Skateboarding has been a staple of American counterculture for at least 60 years, carving out a niche as one of the world’s most popular “extreme sports.”  

Popularized in Southern California in the 1970s, skateboarding actually originated as a land-based alternative to surfing. It was initially viewed as more of an art form or a cultural centerpiece than a competitive sport; in fact, many skaters still view it that way.

In recent decades, however, skateboarding competitions have become more common, in the U.S. and around the world. And the sport has found new audiences through annual television events like ESPN’s X Games, and the popular video game series Tony Hawk's Pro Skater.

Skateboarding has also seen a boon during the pandemic. According to ActionWatch, which compiles and provides data on the skateboarding industry, there were about 8.87 million skateboarders in the U.S. alone in 2020.

Though some might bristle at the notion of skateboarding going “mainstream,” most skaters today see the sport’s inclusion at the Olympics as part of its natural evolution. They’re excited to see skateboarding be given a global platform, and to show the uninitiated what makes the sport unique.  

“I think putting on a competition with a high platform, you’re finally meshing the art and the sport,” American skateboarder Bryce Wettstein said. “... It can be an art and a sport together, and I think that’s what makes it such a beautiful thing.”

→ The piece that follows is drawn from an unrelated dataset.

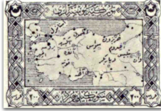
Figure 9: Misak-ı Milli haritası (1922)

bir aidiyet dahilinde kutsal kabul edilen simgesel ve davranışsal öğelerin esasında maddi ve/veya seküler araçlarla dolaşıma sokularak söz konusu araçların barındırdığı söylemi yaygınlaştırdığını düşünmektedir. Böylelikle birtakım mitsel sembollerin referans verdiği kutsal kabuller aracılığıyla toplumsal bir bağ kurulması mümkün olmaktadır.

Dates: July 25-26, Aug. 4-5

Sports Pulse: Leticia Bufoni on the future of skateboarding USA TODAY

Olympic skateboarding features two disciplines: Street and park.

In street competitions, skaters perform a variety of tricks on a course consisting of rails, benches, ramps, stairs and other features you might encounter on a city street. Olympic-style competition consists of two 45-second runs, and five single-trick attempts. The top four of those seven scores are added to determine the final overall score.

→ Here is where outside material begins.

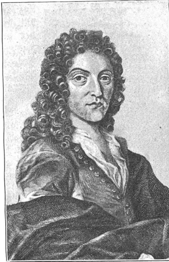
Johann Jacob Scheuchzer (1672–1733), der berühmte Arzt, Naturforscher und Alpenkundige.

Der Schaffner pfeift; der Zug setzt sich in Bewegung; die vaterländischen Lieder schallen mächtig in der Bahnhofshalle, alle Schmerzen übertönend. Die Frauen bleiben zurück, Hoffnung oder Sorge und Leid im Herzen, mit wehendem Taschentuch und feuchten Augen.

In park, the course more closely resembles a hollowed-out bowl, allowing skaters to ride up the side and perform tricks in mid-air. Skaters have three 45-second runs in which to complete tricks, and only the score from the best run counts.

Both disciplines typically feature a variety of tricks, including board flips and grinds, where skaters slide a part of the board on the edge of a bowl or rail.

Sports Pulse: Zion Wright on skating, the Olympics and the future. He is one of many athletes with Red Bull as they launch Discover Your Wings, a series of dynamic augmented reality games. USA TODAY

There will be a maximum of 20 skaters in each gender and discipline in Tokyo. Typically, eight skaters in each category reach the final round.

Runs are scored on a scale from either 0 to 100 or 0 to 10, depending on the discipline. Judges evaluate skaters on the variety and technical difficulty of the tricks they perform as well as execution, creativity, use of the course and flow, among other considerations. Points are deducted for repeating tricks or wiping out. 

The World Skate Federation rulebook also acknowledges the importance of “skateboarding common sense” in the judging process.

The 26-year-old Huston is one of the world’s most popular and accomplished skateboarders. A 12-time X Games gold medalist and three-time world champion, he has long been the top-ranked skater in men’s street. And he seems all but certain to add an Olympic gold medal to his résumé this summer.

Okamoto, 14, burst onto the scene in 2019 and quickly became the most dominant skater in the field. She won all five of the international competitions she entered prior to the pandemic, including the 2019 world championships and 2019 X Games. With the Tokyo Games set to take place about five hours from her hometown of Gifu, Okamoto is likely to blossom into a hometown star in Japan.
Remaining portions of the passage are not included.